Tune NFS Performance
NFS performance is achieved through first tuning the underlying networking — Ethernet and TCP — and then selecting appropriate NFS parameters. NFS was originally designed for trusted environments of a scale that today seems rather modest. The primary design goal was data integrity, not performance, which makes sense as Ethernet of the time ran at 10 Mbps and files and file systems were relatively small. The integrity goal led to a use of synchronous write operations, greatly slowing things down. But simultaneously, there was no lock function in the NFS server itself and multiple clients could write to the same file at the same time, leading to unpredictable corruption.
As for the trust built into the system, there was no real security mechanism beyond access control based on IP addresses plus the assumption that user and group IDs were consistent across all systems on the network.
The NFS server and the added NFS lock server were not required to run on any specific port, so the RPC port mapper was invented. The port mapper did a great job of solving a problem that didn't need to exist. It would start as one of the first network services, then all these other services expected to be listening on unpredictable ports would start and register themselves with the port mapper. "If anyone asks, I'm listening on TCP port 2049." A client would first connect to the port mapper on its predictable TCP port 111 and then ask it how to connect to the service they really wanted.

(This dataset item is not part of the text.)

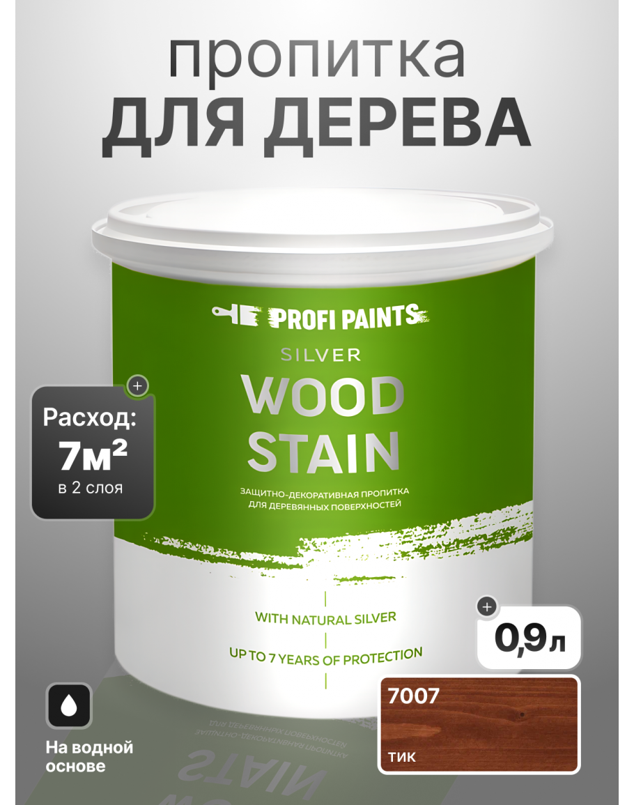 Пропитка для дерева лессирующая с антисептиком без запаха ProfiPaints SILVER WOOD STAIN 0.9л, Тик, купить по выгодной цене 1207.5 в магазине PROFIPAINTS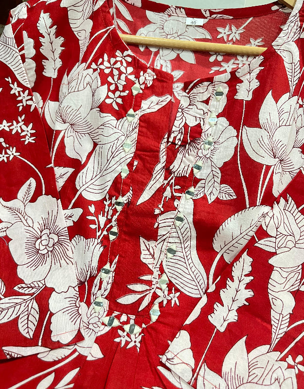 Graceful Red Mirror Work Kurti

Like I said, a solution to a problem that shouldn't have been there in the first place. The NFS server was about the only network service that needed the port mapper, and it generally listened on the same port every time.
Evolution of NFS Versions
NFS version 2 only allowed access to the first 2 GB of a file. The client made the decision about whether the user could access the file or not. This version supported UDP only, and it limited write operations to 8 kbytes. Ugh. It was a nice start, though.
NFS version 3 supported much larger files. The client could ask the server to make the access decision — although it didn't have to and so we still had to fully trust all client hosts. NFSv3 over UDP could use up to 56 kbyte transactions. There was now support for NFS over TCP, although client implementations varied quite a bit as to details with associated compatibility issues.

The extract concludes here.